■ **Input data**
________

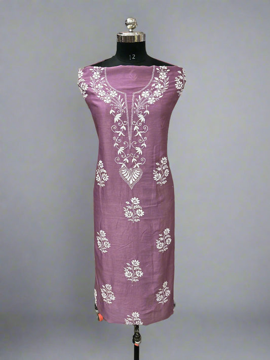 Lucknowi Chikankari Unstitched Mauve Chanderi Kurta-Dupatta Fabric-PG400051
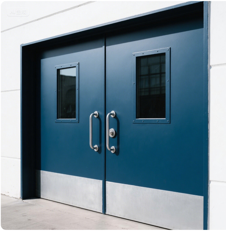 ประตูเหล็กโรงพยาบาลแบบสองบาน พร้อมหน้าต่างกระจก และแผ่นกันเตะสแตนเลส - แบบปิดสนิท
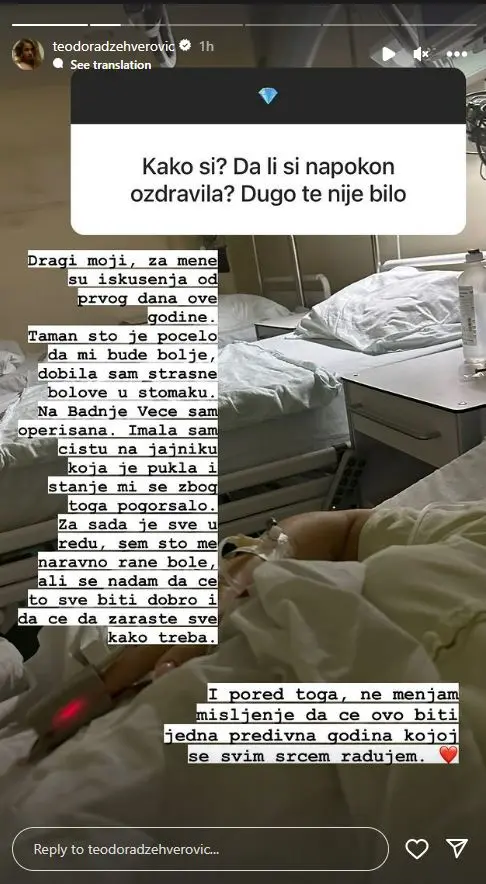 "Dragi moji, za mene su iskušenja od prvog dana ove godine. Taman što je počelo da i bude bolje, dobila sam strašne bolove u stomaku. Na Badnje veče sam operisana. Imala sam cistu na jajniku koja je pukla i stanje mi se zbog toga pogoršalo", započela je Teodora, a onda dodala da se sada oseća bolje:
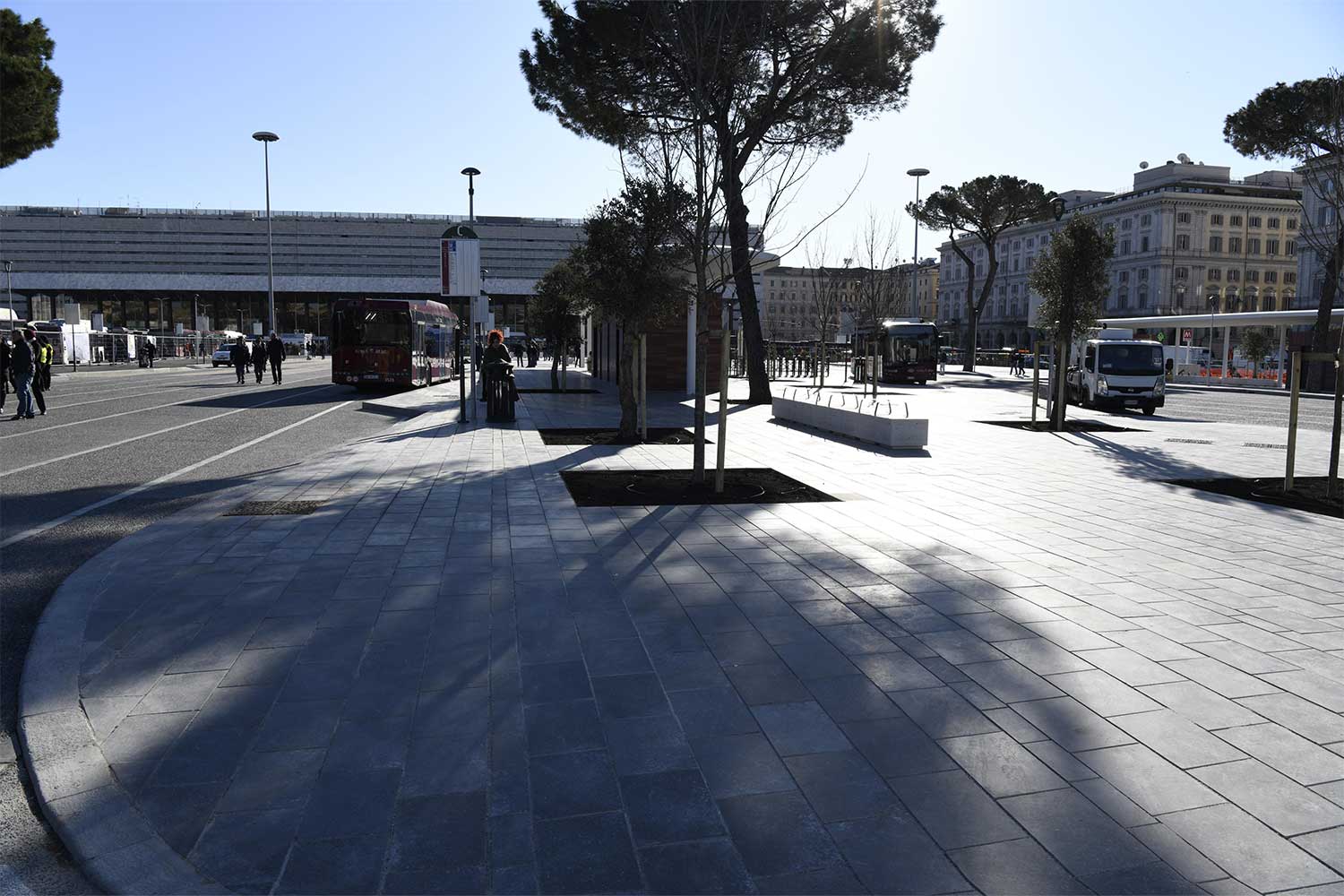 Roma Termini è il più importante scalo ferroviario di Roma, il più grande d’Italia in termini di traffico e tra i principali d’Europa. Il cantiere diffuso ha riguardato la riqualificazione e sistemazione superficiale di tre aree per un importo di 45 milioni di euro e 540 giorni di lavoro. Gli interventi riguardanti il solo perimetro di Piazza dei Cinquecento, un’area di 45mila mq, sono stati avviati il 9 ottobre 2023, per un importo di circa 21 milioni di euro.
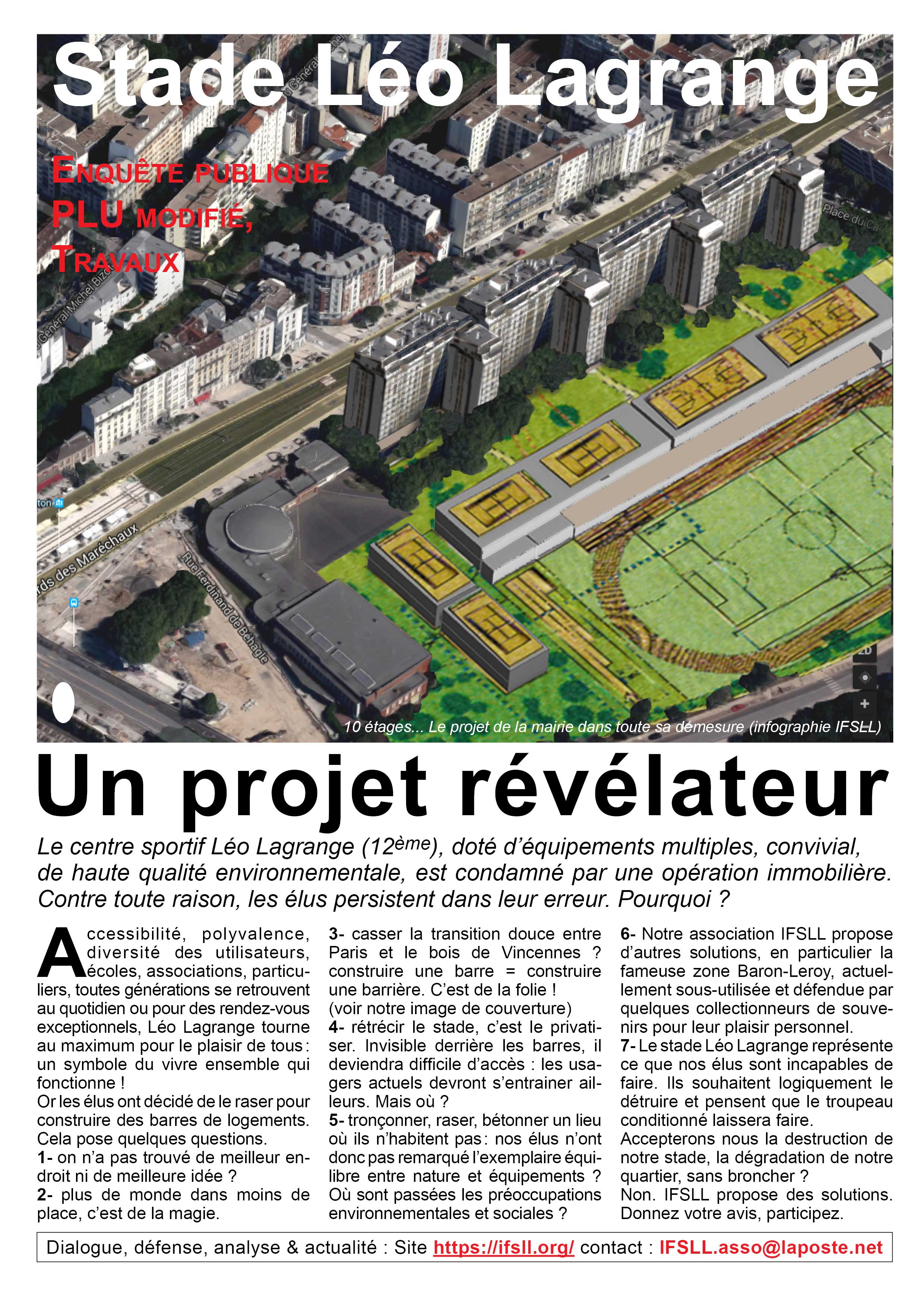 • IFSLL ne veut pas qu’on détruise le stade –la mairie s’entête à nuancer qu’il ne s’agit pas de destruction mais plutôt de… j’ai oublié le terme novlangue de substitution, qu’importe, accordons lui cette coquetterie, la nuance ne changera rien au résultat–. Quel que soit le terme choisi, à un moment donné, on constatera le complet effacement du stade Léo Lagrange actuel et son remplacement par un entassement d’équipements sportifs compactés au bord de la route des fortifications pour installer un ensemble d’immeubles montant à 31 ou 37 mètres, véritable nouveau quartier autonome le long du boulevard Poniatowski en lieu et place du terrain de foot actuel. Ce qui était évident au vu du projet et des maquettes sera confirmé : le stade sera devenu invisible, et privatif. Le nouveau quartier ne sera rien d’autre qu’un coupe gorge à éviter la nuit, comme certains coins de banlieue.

________

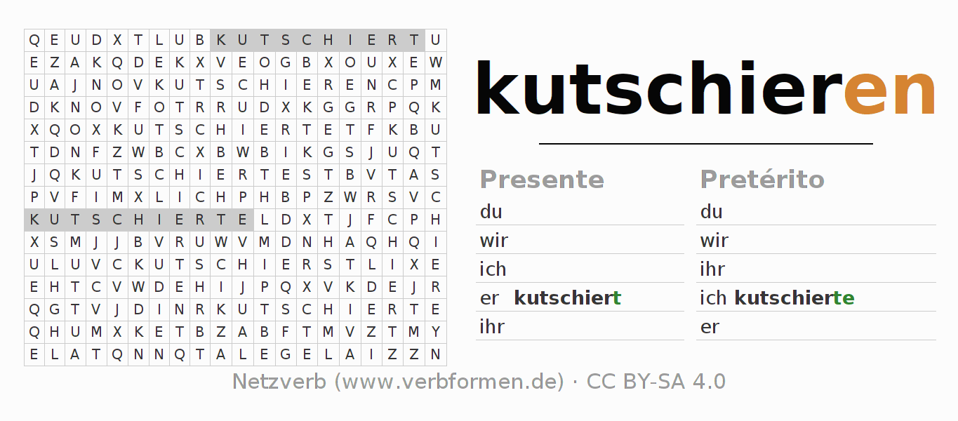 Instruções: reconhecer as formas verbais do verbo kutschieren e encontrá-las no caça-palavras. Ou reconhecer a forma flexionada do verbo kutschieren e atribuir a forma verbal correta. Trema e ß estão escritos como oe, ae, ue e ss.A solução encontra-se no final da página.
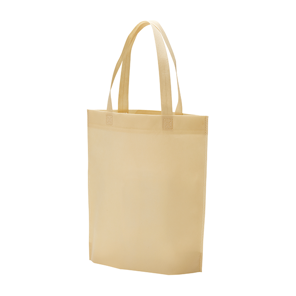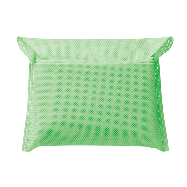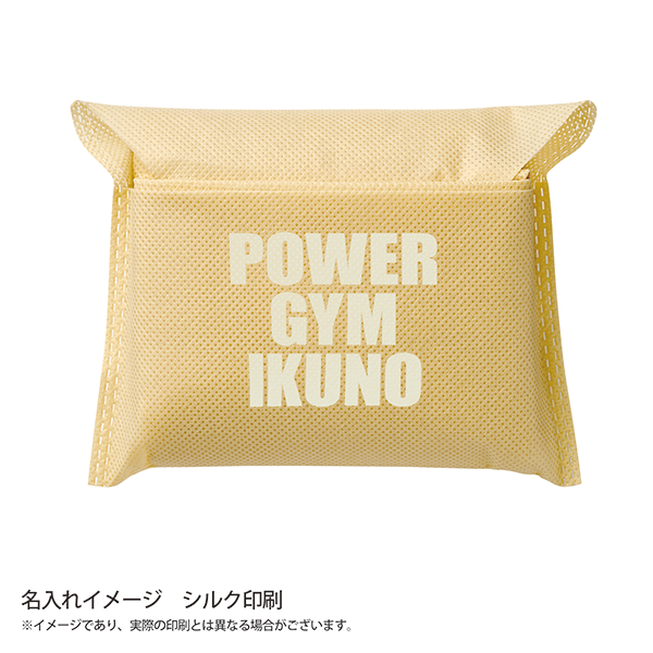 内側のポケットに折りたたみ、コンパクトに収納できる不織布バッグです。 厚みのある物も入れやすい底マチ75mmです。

________

■ **Problem to work on**
With the pictures left out, write out exactly the lines above from the one containing "Instruções: reconhecer as" through the one containing "内側のポケットに折りたたみ、".

■ **Problem solution**
 Instruções: reconhecer as formas verbais do verbo kutschieren e encontrá-las no caça-palavras. Ou reconhecer a forma flexionada do verbo kutschieren e atribuir a forma verbal correta. Trema e ß estão escritos como oe, ae, ue e ss.A solução encontra-se no final da página.
 内側のポケットに折りたたみ、コンパクトに収納できる不織布バッグです。 厚みのある物も入れやすい底マチ75mmです。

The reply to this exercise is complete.